GIVEN INFORMATION –
···
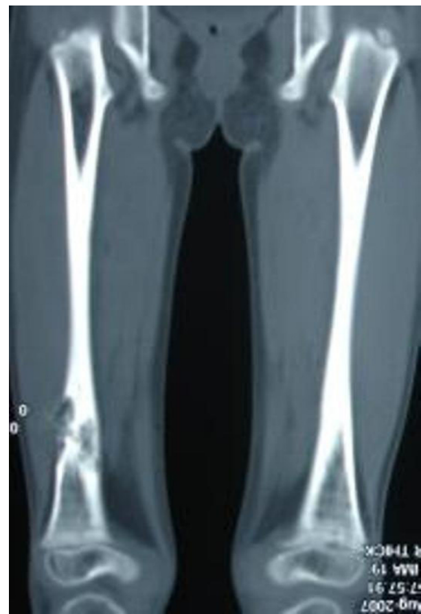
Figure 3 A coronal computed tomography shows osteolytic lesion in the lower third of right femur.

Treatment with interferon alpha was discussed but her parents did not consent to it. Thalidomide (50 mg/d), octreotide and epsilon-aminocaproic acid were tried empirically, but her response to this treatment was not sustained. Low-dose radiotherapy of 20 Gy over 10 days were also given to her pericardium. A pericardiectomy was done after exhausting all options. Lung biopsy taken at that time showed diffuse hemangiolympangiomatosis (Figure 4). There were numerous anastomotic proliferating, and cystic spaces in the pulmonary interstitium were lined by endothelial cells. The cells lining the spaces were
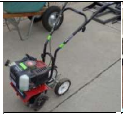
TILLER: Earthquake 2016
···
A verbatim copy of the listing is required, with all pictures left out.

Figure 3 A coronal computed tomography shows osteolytic lesion in the lower third of right femur.

Treatment with interferon alpha was discussed but her parents did not consent to it. Thalidomide (50 mg/d), octreotide and epsilon-aminocaproic acid were tried empirically, but her response to this treatment was not sustained. Low-dose radiotherapy of 20 Gy over 10 days were also given to her pericardium. A pericardiectomy was done after exhausting all options. Lung biopsy taken at that time showed diffuse hemangiolympangiomatosis (Figure 4). There were numerous anastomotic proliferating, and cystic spaces in the pulmonary interstitium were lined by endothelial cells. The cells lining the spaces were
TILLER: Earthquake 2016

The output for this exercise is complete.